By Mary McPhail Gray
NVW Board Chair
“He really needs to be in a Residential Treatment Center (RTC) for intensive support,” stated the clinician. “But where can we get him accepted?”
This conversation has happened 12 times over the past year about youth clients that Nonviolence Works is serving. And only 2 were accepted into an RTC—with discouraging results.
One of the reasons for poor outcomes is that the youth who are referred are in need of intensive support, and this includes family therapy. With no RTC closer than Albuquerque—and only three in the state of New Mexico—the needs are great, the waiting lists are long, and the barriers to family involvement are huge.

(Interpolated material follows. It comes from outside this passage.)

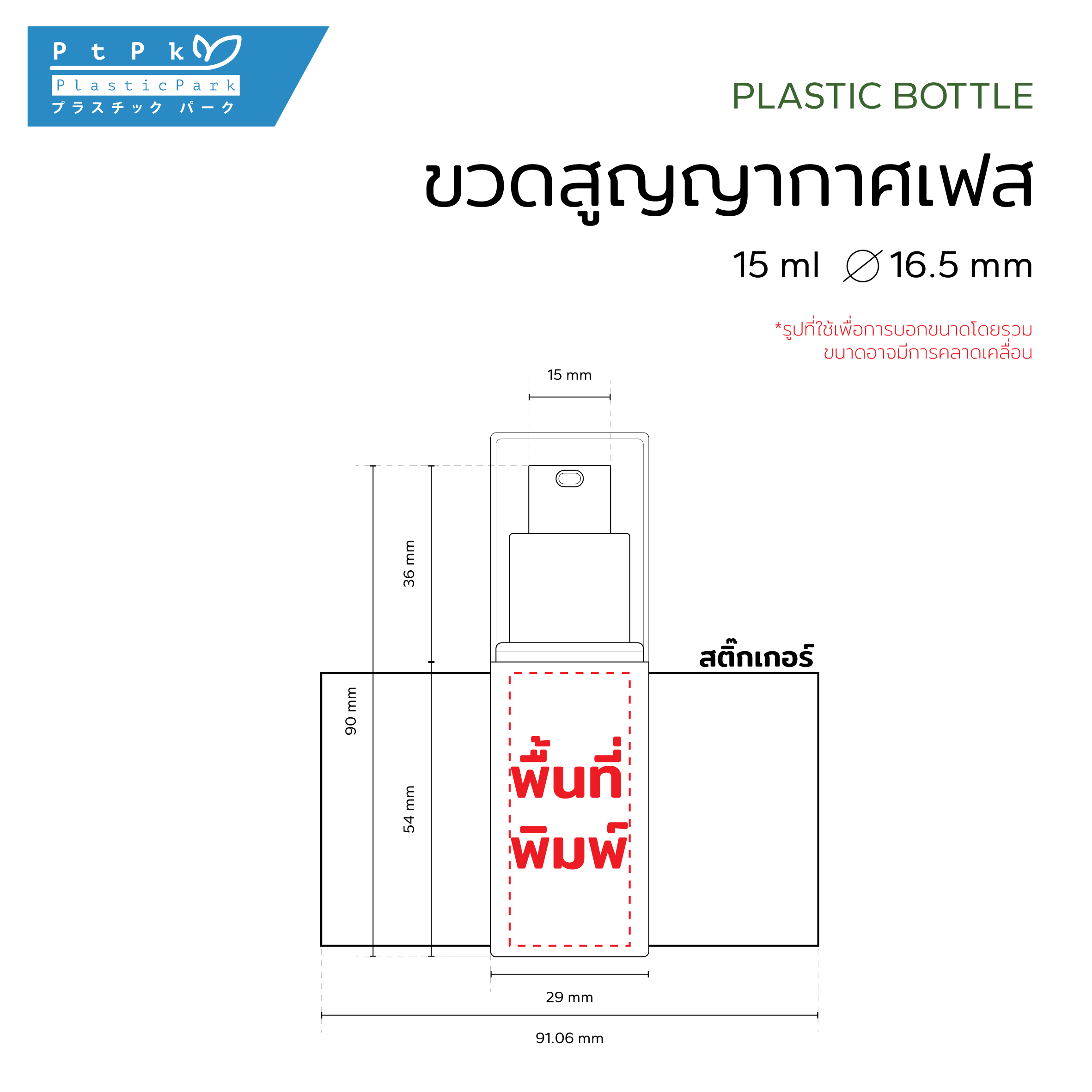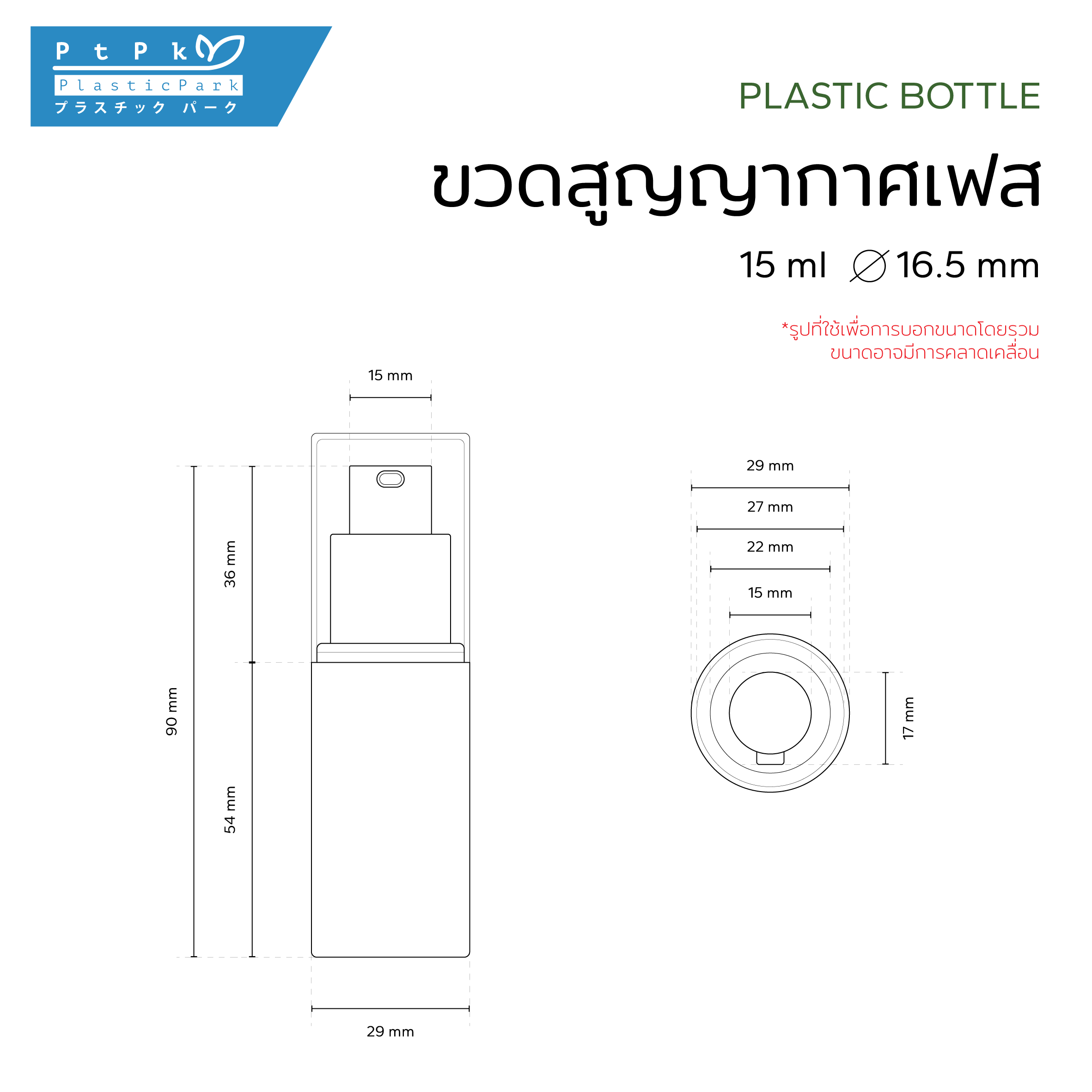 ปริมาตรสุทธิ(filling volume) : 15 ml

As heavy narcotics availability has increased in Northern New Mexico, so has their use by our youth. With the youth Drug Court Program being dissolved for lack of funding, Taos has no programming for substance abuse cases that involve our youth. A number of youth seen at NVW have Dual Diagnosis (which means that they have substance abuse mixed with another disorder). Conduct Disorders and Oppositional Defiant Disorders are also frequently seen.
While the diagnoses vary, some major behavioral indications of the need for an RTC placements include depression; suicidal and/or homicidal thoughts; drug & alcohol abuse and addiction; anxiety and panic attacks; issues related to trauma, such as flashbacks, nightmares, or irritability; self-harming behaviors (i.e. cutting, burning, pulling out hair); anger/aggression/mood swings; sexualized behaviors; constant physical agitation; and poor ability to focus and prioritize activities.
Youth who are candidates for RTC services often act out explosively and lack the ability to mediate their own behaviors. They need intensive support—24 hours of being in a secure place with knowledgeable supportive staff.
NVW has dealt with such youth, and we are concerned that the lack of RTC services means we will lose these youth to negative outcomes. We are now discussing collaboration with the Juvenile Detention Center staff and Taos County administrators. Conversations began because the Center has had a fairly low census since its construction, while the need for services to youth before they are in trouble with the law or commit suicide is increasing.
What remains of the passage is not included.